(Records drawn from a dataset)
== Segment start ==
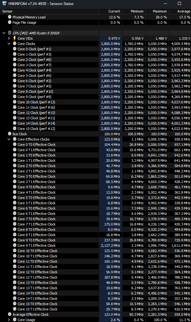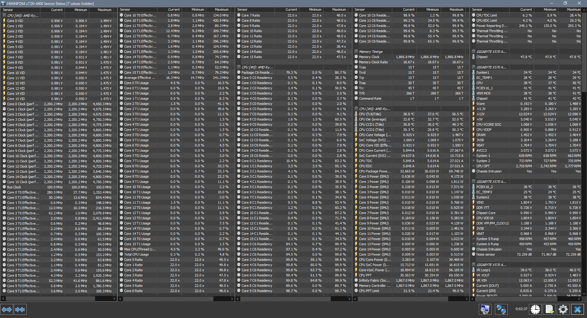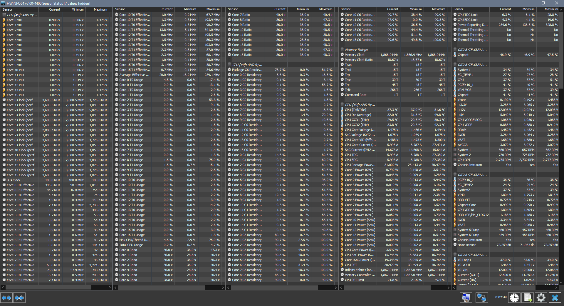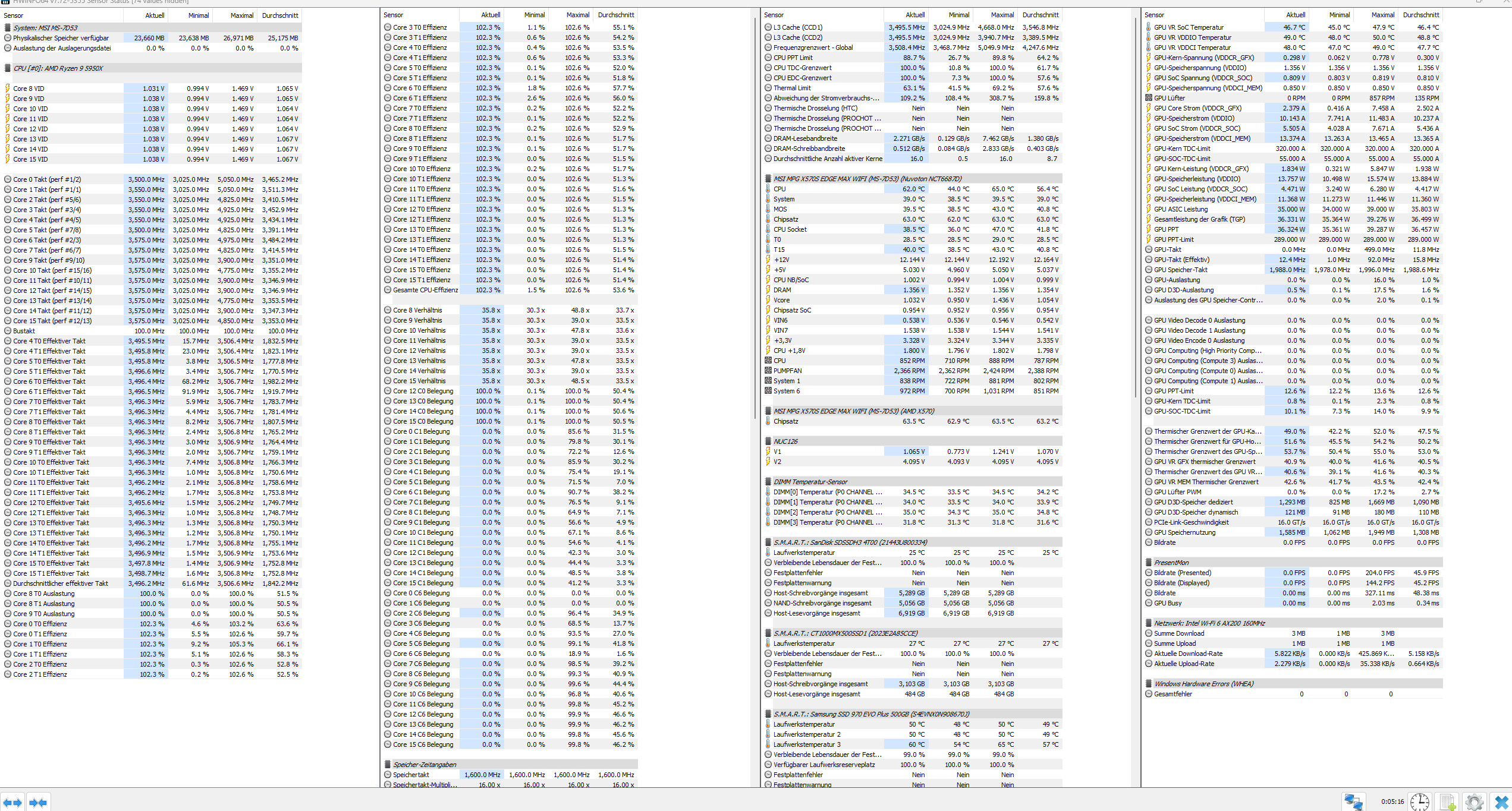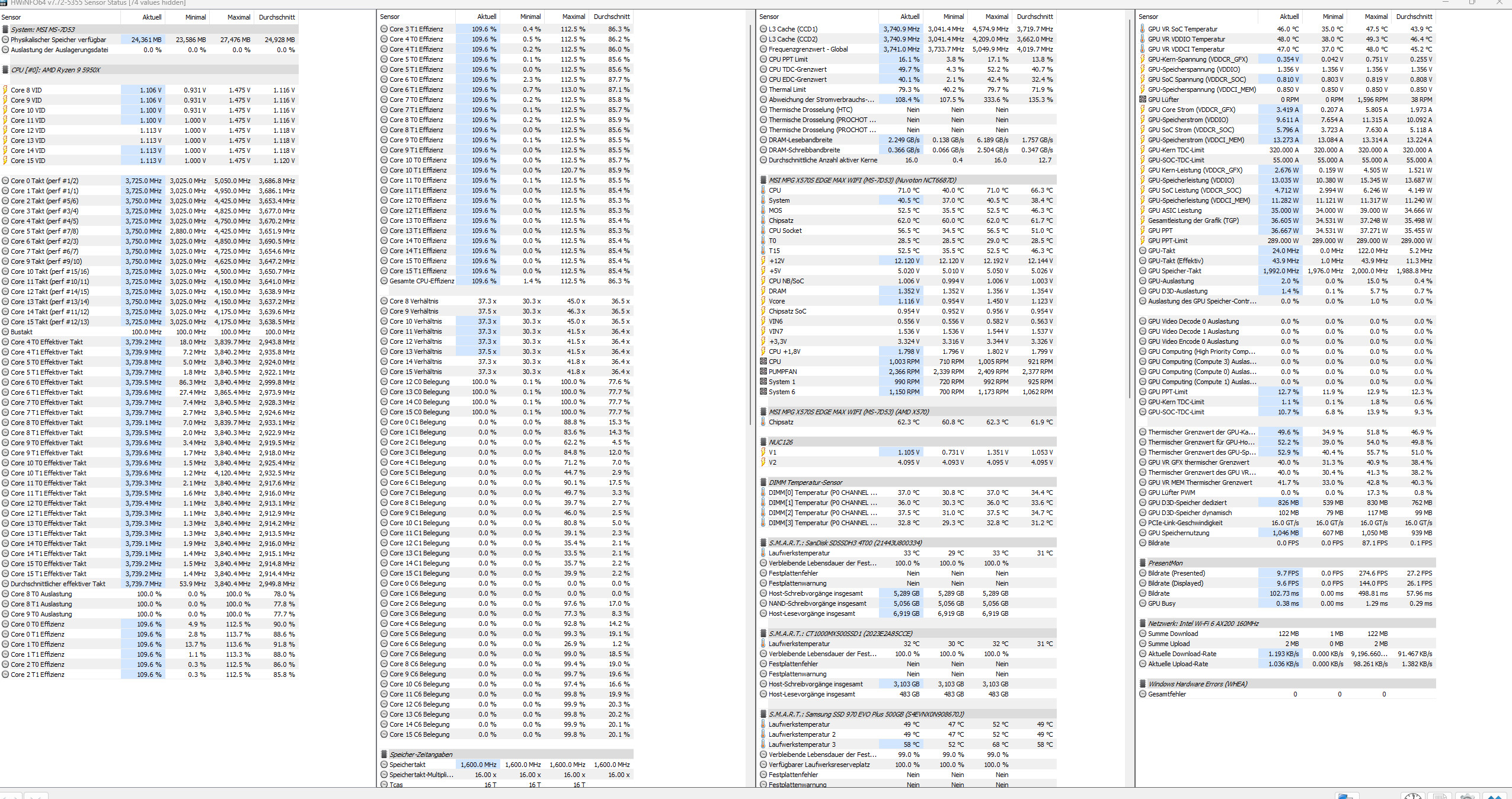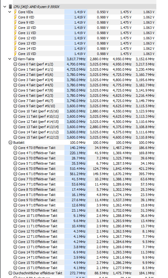 "Interessant" ist, dass die Leistungsanzeige von AMD deutlich geringere Werte ab 1GHz anzeigt, aber eine Taktrate "gegen" Null findet sich nicht, anders als ich es vom 5800X gewohnt war.
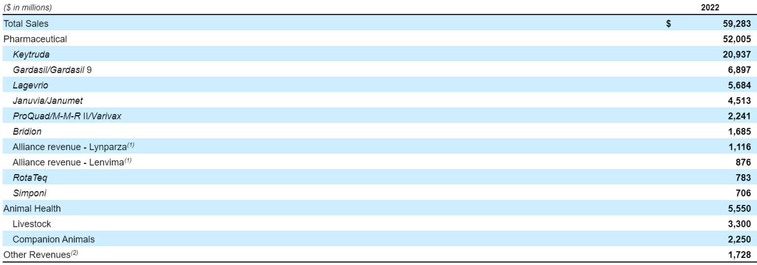 The company’s fiscal year ends on December 31 with two operating segments: Pharmaceutical and Animal Health. According to the latest 10-K report, the company’s oncology product “Keytruda” represented more than 30% of the total.
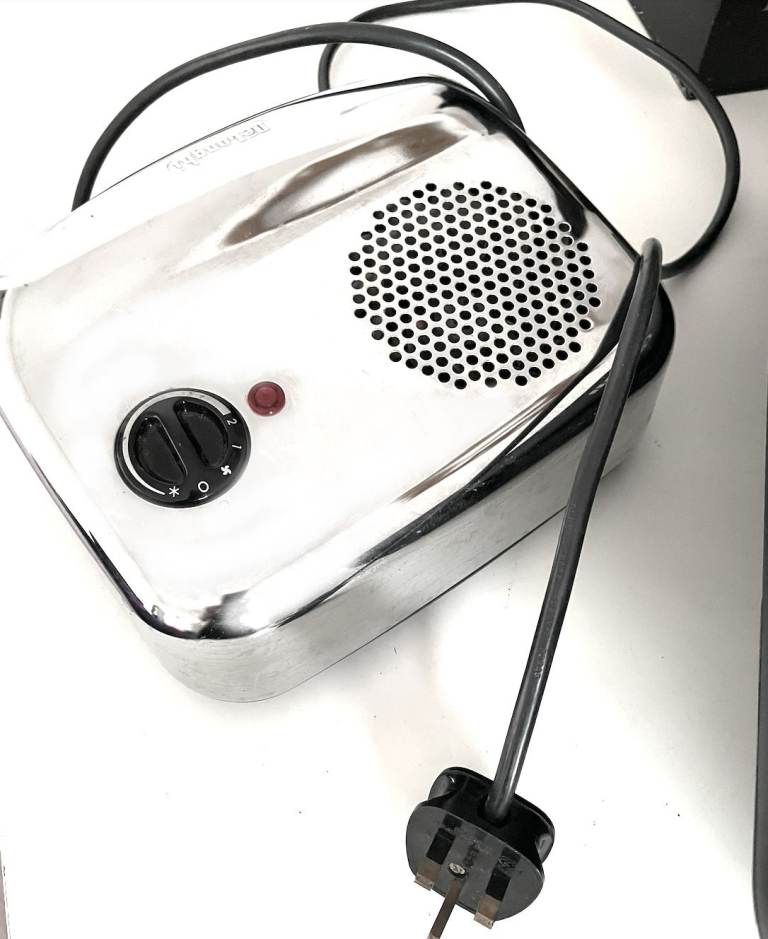Super stylish small retro fan&heater from Delonghi in silver (metal outer - not cheap plastic)
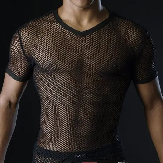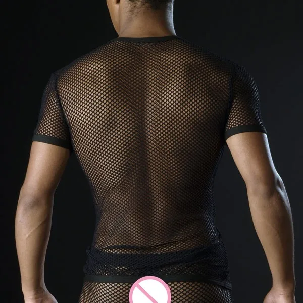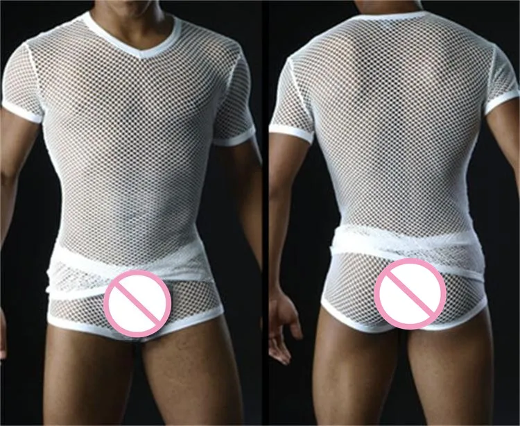 Description 1:Hot Men T Shirts Transparent Mesh See Through Tops Tees singlet
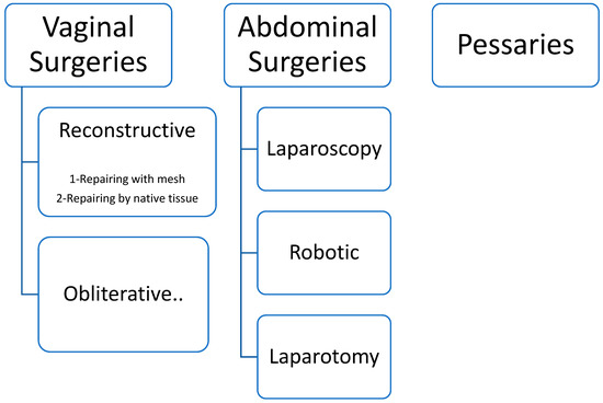 - Doaee, M.; Moradi-Lakeh, M.; Nourmohammadi, A.; Razavi-Ratki, S.K.; Nojomi, M. Management of pelvic organ prolapse and quality of life: A systematic review and meta-analysis. Int. Urogynecol. J. 2014, 25, 153–163. [Google Scholar] [CrossRef] [PubMed]
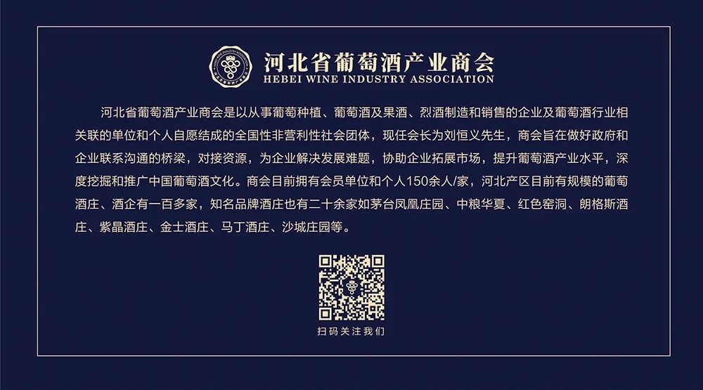 成立于2022年,河北省葡萄酒产业商会以葡萄种植、葡萄酒果酒烈酒制造和销售的企业、及葡萄酒行业相关的单位和个人集结成的全国性非营利社会团体。河北葡萄酒产区已有800年的历史,得天独厚的位置使河北的红酒产业蓬勃发展。
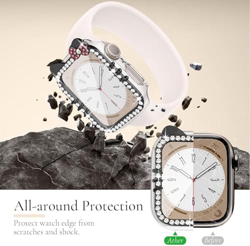 - مزايا التصميم: جراب فاخر مدمجة من الكريستال مع لمسة فيونكة لطيفة لتأطير ساعة آبل الخاصة بك بشكل مثالي مع إضافة لمسة براقة.
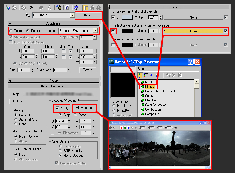 打开渲染命令面板,选择VRay渲染器,在【Environment(环境)】选项中提供了一个可以直接控制全局反射效果的功能。为反射环境添加一个环境贴图。设置为球形环境贴图方式
== Segment end ==
Exercise instructions ::
The data shown above must be printed again exactly, with no images included.

Response for this exercise ::
 "Interessant" ist, dass die Leistungsanzeige von AMD deutlich geringere Werte ab 1GHz anzeigt, aber eine Taktrate "gegen" Null findet sich nicht, anders als ich es vom 5800X gewohnt war.
 The company’s fiscal year ends on December 31 with two operating segments: Pharmaceutical and Animal Health. According to the latest 10-K report, the company’s oncology product “Keytruda” represented more than 30% of the total.
Super stylish small retro fan&heater from Delonghi in silver (metal outer - not cheap plastic)
 Description 1:Hot Men T Shirts Transparent Mesh See Through Tops Tees singlet
 - Doaee, M.; Moradi-Lakeh, M.; Nourmohammadi, A.; Razavi-Ratki, S.K.; Nojomi, M. Management of pelvic organ prolapse and quality of life: A systematic review and meta-analysis. Int. Urogynecol. J. 2014, 25, 153–163. [Google Scholar] [CrossRef] [PubMed]
 成立于2022年,河北省葡萄酒产业商会以葡萄种植、葡萄酒果酒烈酒制造和销售的企业、及葡萄酒行业相关的单位和个人集结成的全国性非营利社会团体。河北葡萄酒产区已有800年的历史,得天独厚的位置使河北的红酒产业蓬勃发展。
 - مزايا التصميم: جراب فاخر مدمجة من الكريستال مع لمسة فيونكة لطيفة لتأطير ساعة آبل الخاصة بك بشكل مثالي مع إضافة لمسة براقة.
 打开渲染命令面板,选择VRay渲染器,在【Environment(环境)】选项中提供了一个可以直接控制全局反射效果的功能。为反射环境添加一个环境贴图。设置为球形环境贴图方式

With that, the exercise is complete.